Dataset items
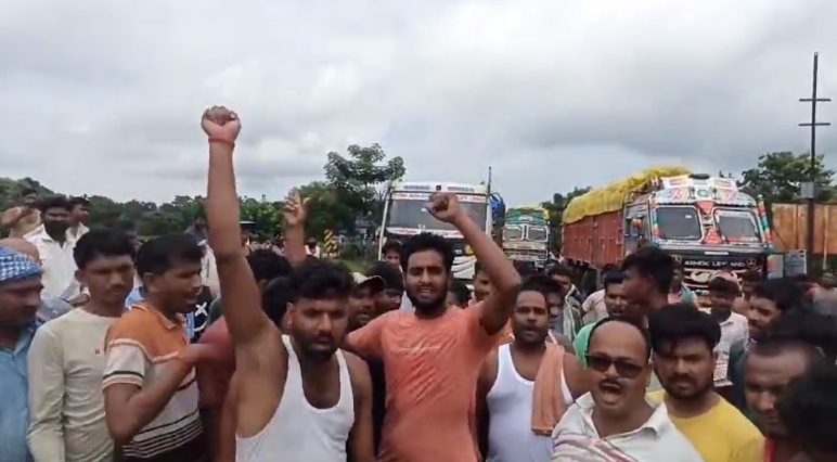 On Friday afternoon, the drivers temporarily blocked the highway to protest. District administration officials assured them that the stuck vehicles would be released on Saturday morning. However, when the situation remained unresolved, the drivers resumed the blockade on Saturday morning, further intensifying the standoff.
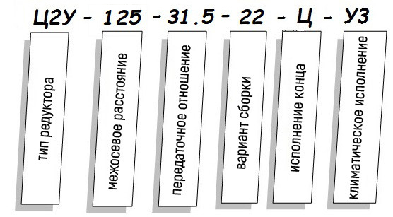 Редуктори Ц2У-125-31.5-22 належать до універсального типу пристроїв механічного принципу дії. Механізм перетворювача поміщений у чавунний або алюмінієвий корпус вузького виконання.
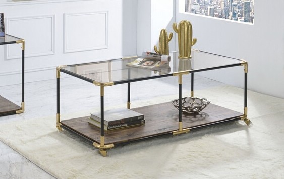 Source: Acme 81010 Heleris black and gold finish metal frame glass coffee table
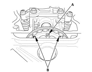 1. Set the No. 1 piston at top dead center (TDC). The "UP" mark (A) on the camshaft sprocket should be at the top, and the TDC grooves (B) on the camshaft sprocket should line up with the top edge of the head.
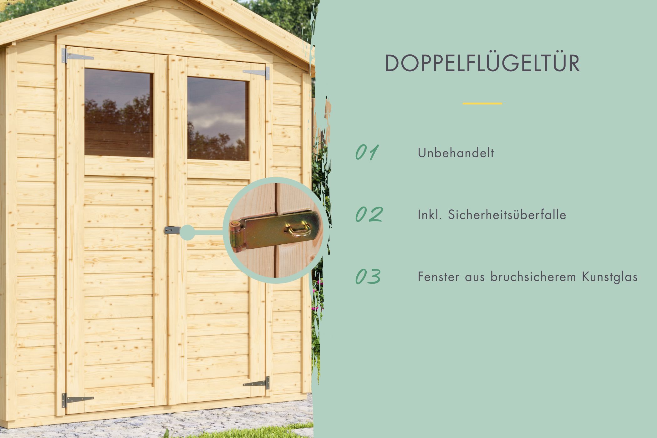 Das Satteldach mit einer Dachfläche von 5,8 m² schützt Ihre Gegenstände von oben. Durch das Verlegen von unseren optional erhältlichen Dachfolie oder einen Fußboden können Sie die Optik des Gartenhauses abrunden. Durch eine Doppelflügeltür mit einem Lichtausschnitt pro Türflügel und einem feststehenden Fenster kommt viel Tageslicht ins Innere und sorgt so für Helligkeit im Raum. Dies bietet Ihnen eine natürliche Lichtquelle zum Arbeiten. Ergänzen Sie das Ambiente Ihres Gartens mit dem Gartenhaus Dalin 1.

• [What is required]:
Please transcribe all of the records above exactly, leaving out any pictures.

• [Written answer]:
 On Friday afternoon, the drivers temporarily blocked the highway to protest. District administration officials assured them that the stuck vehicles would be released on Saturday morning. However, when the situation remained unresolved, the drivers resumed the blockade on Saturday morning, further intensifying the standoff.
 Редуктори Ц2У-125-31.5-22 належать до універсального типу пристроїв механічного принципу дії. Механізм перетворювача поміщений у чавунний або алюмінієвий корпус вузького виконання.
 Source: Acme 81010 Heleris black and gold finish metal frame glass coffee table
 1. Set the No. 1 piston at top dead center (TDC). The "UP" mark (A) on the camshaft sprocket should be at the top, and the TDC grooves (B) on the camshaft sprocket should line up with the top edge of the head.
 Das Satteldach mit einer Dachfläche von 5,8 m² schützt Ihre Gegenstände von oben. Durch das Verlegen von unseren optional erhältlichen Dachfolie oder einen Fußboden können Sie die Optik des Gartenhauses abrunden. Durch eine Doppelflügeltür mit einem Lichtausschnitt pro Türflügel und einem feststehenden Fenster kommt viel Tageslicht ins Innere und sorgt so für Helligkeit im Raum. Dies bietet Ihnen eine natürliche Lichtquelle zum Arbeiten. Ergänzen Sie das Ambiente Ihres Gartens mit dem Gartenhaus Dalin 1.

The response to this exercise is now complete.